Project Home

Nabu: Writing an Extractor

Abstract

This document shows an example of writing an extractor for identifying and saving parts of documents from within a Nabu server.

Contents

Introduction

Nabu offers a framework for the extraction of meaningful portions of documents into structured storage (e.g. database tables). This extraction will generally be customized for each end application and therefore we anticipate that people will write their own extractors.

This document provides an example of that. It aims at demonstrating the simplicity of the task.

Note that we will be storing data with an SQL DBAPI-2.0 interface. You may want to read PEP 249 if you're not familiar with Python DBAPI-2.0.
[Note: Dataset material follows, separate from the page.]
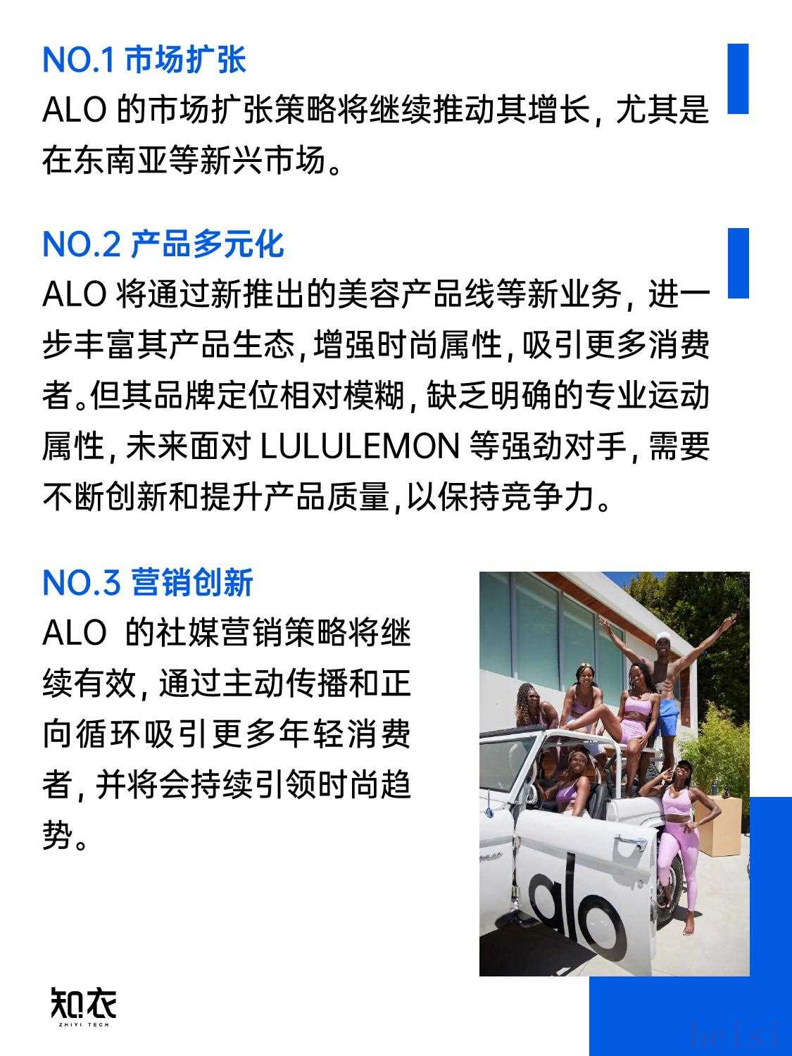 3. "市場策略":Alo可能采取了一系列有效的市場策略,如社交媒體營銷、KOL合作、線下體驗店等,以提升品牌知名度和用戶粘性。

Example Application: Extracting Books from Field Lists

For our example, we will examine the task of extracting information for book references. Imagine that we want to be able to put field lists that are book references, scattered all over our documents, something that looks more or less like BibTeX entries, for example:

:book:
:title: National Geographic Photography Field Guide 2nd Edition:
        Secrets to Making Great Pictures
:author: Peter Burian, Bob Caputo
:isbn: 079225676X
:review:

  Excellent diversified advice from top photographers.  The book
  manages to pack lots of relevant content in a small format.  It
  contains a nice section on composition, which is what originally
  attracted me to it.  As per usual, I found the digital
  photography section useless, but for the most part, the
  information available in this book is of great value.  This is
  the best general book about photography that I've read.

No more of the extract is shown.